Autoimmune diseases are caused by an overactive immune system that attacks the body’s tissues. The most common autoimmune disorder is rheumatoid arthritis (RA). It affects about 1% of people worldwide. RA causes inflammation in the lining of the joints, which leads to pain, stiffness, swelling, and loss of function. Other autoimmune disorders include systemic lupus erythematosus (SLE), multiple sclerosis (MS), scleroderma, Sjögren syndrome, thyroiditis, type I diabetes, celiac disease, Hashimoto’s thyroiditis, psoriatic arthritis, Crohn’s disease, ulcerative colitis, and dermatomyositis.
The exact cause of autoimmune disorders remains unknown. However, scientists believe they may be triggered by a combination of genetic factors and environmental triggers. Some researchers think certain infections or other health problems may trigger the development of autoimmunity. For example, some studies have found that infection with Epstein-Barr virus (EBV) increases the risk for MS. Researchers suspect that this virus may trigger the immune response that results in MS. Another possible link between EBV and MS is that both viruses infect B cells. Scientists theorize that when these two viruses infect the same cell, it may lead to an abnormal immune response that damages the brain and spinal cord.
There are several known risk factors for developing an autoimmune condition. People with one or more family members with an autoimmune disorder are at greater risk than those without any family history. In addition, women are twice as likely as men to develop an autoimmune disease. This could be because women produce higher antibodies against their tissue than men.
Genetic factors may also contribute to the development of autoimmune conditions. A person’s genes influence how their immune system responds to foreign substances. Therefore, if someone has inherited a gene mutation that makes them more susceptible to an autoimmune disorder, they will be more likely to develop the illness.
Other risk factors include:
• Being female
• Having a first-degree relative—parent, sibling, or child—with an autoimmune disorder
• Exposure to tobacco smoke
• Infection with hepatitis C virus
• Chronic stress
• Certain medications
• Hormonal changes during pregnancy or after menopause
People with autoimmune disorders often experience symptoms before the diagnosis is made. Symptoms vary depending on the specific organ affected. Common signs and symptoms of autoimmune diseases include:
• Joint pain, especially in the morning
• Swelling of the hands, feet, ankles, knees, elbows, or fingers
• Muscle weakness
• Numbness or tingling in the arms or legs
• Skin rash
• Hair loss
• Eye irritation
• Abdominal pain
• Shortness of breath
• Heart palpitations
• Chest pains
• Loss of appetite
• Weight gain
The symptoms of autoimmune disorders vary from person to person. Some people have no symptoms, while others may experience joint pain, fatigue, fever, weight loss, or other problems. Talk with your doctor if you think you are suffering from an autoimmune disorder. They will perform a physical exam and ask questions about your health history. Your doctor may recommend lab tests to determine if you have any underlying conditions. For example, they may order blood work to check for antibodies against certain proteins that indicate whether you have an autoimmune disease.
A doctor can diagnose autoimmune disorders based on your medical history, physical examination, laboratory tests, and imaging studies. Your doctor will ask you questions about your symptoms and perform a complete physical exam. They will look for joint damage, muscle weakness, skin lesions, and other abnormalities. Laboratory tests may show high levels of antibodies in the blood. Imaging studies such as X-rays, CT scans, MRI scans, ultrasound exams, and bone scans may reveal evidence of inflammation.

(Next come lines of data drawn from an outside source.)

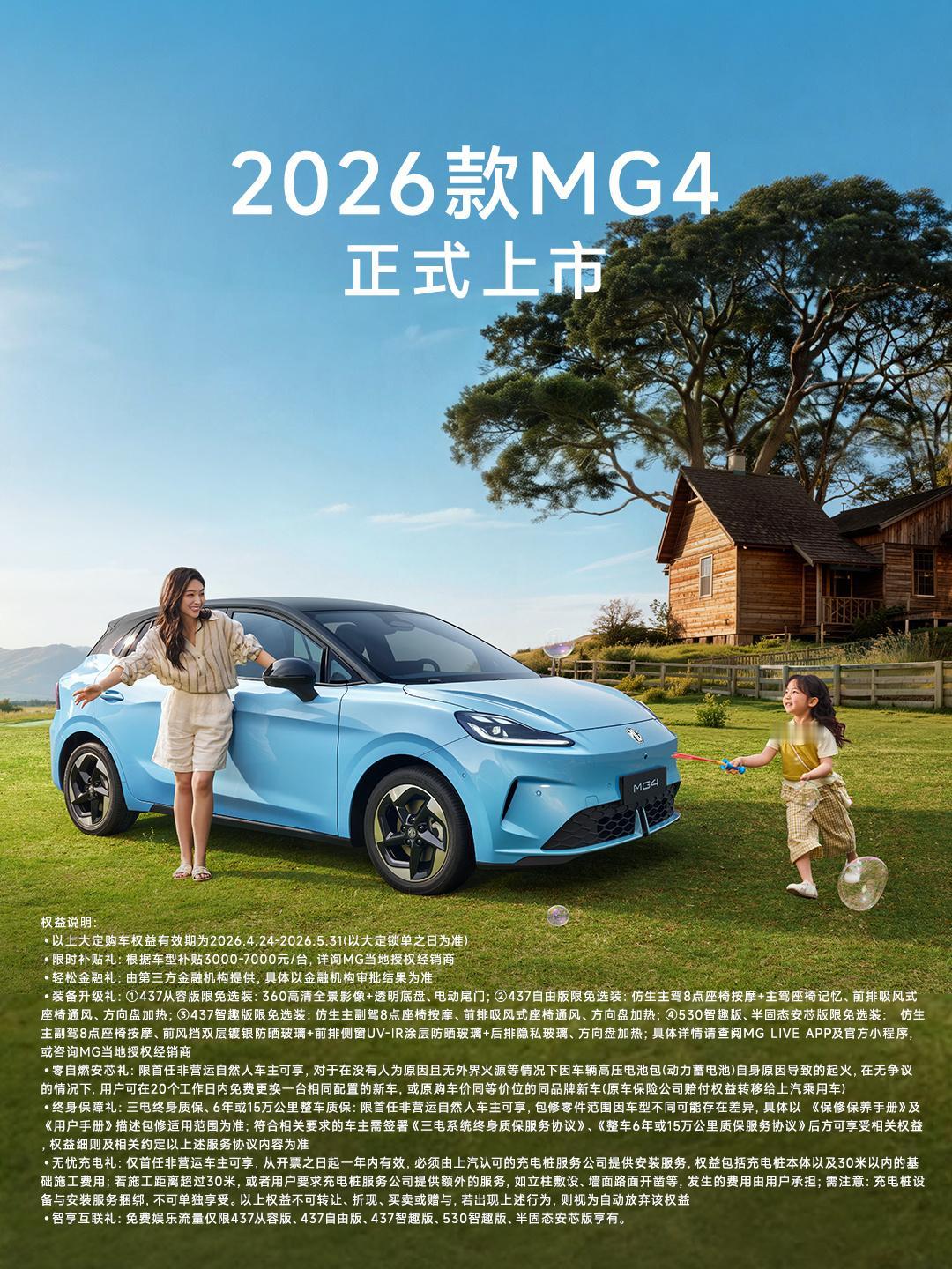 上汽MG 2026款MG4正式上市, 限时补贴价6.58万元起!
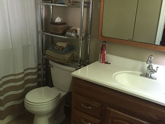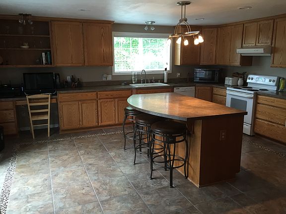 Ranch 1 level in quite neighborhood. Close driving to schools and shopping. Large lot, with a nice deck and huge backyard. You won't find another kitchen like this in this price range, over sized and open. Open floor plan which boosts 4 bedrooms and 3 full bathrooms. 2 master bedrooms with walk in closets and attached bathrooms. Wood burning stove in living room. No road noise, and quite friendly neighbors. No Agents Please
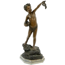 Scultura in bronzo rappresentante un venditore di granchi, firmata G. d. Martino, base in marmo, altezza cm 55

Once diagnosed, treatment depends on the type of autoimmune disorder. Treatment options include:
• Diet modification
• Physical therapy
• Support groups
The most common treatments for autoimmune disorders involve taking medication. Many people use anti-inflammatory drugs to reduce swelling and relieve pain. Other medicines used to treat autoimmune diseases include:
In some cases, surgery may help control symptoms and improve quality of life. Examples include:
• Removal of inflamed tissues from joints
• Removing lymph nodes
• Repairing damaged nerves
Some people find relief through diet modifications. These include:
• Eliminating foods that trigger allergic reactions
• Avoiding certain types of fats
Therapy can help restore strength and mobility to muscles and joints. It can also help prevent further injury. For example, physical therapists can teach you exercises to strengthen weak muscles and improve flexibility. They can also teach you ways to avoid injuries while performing daily activities.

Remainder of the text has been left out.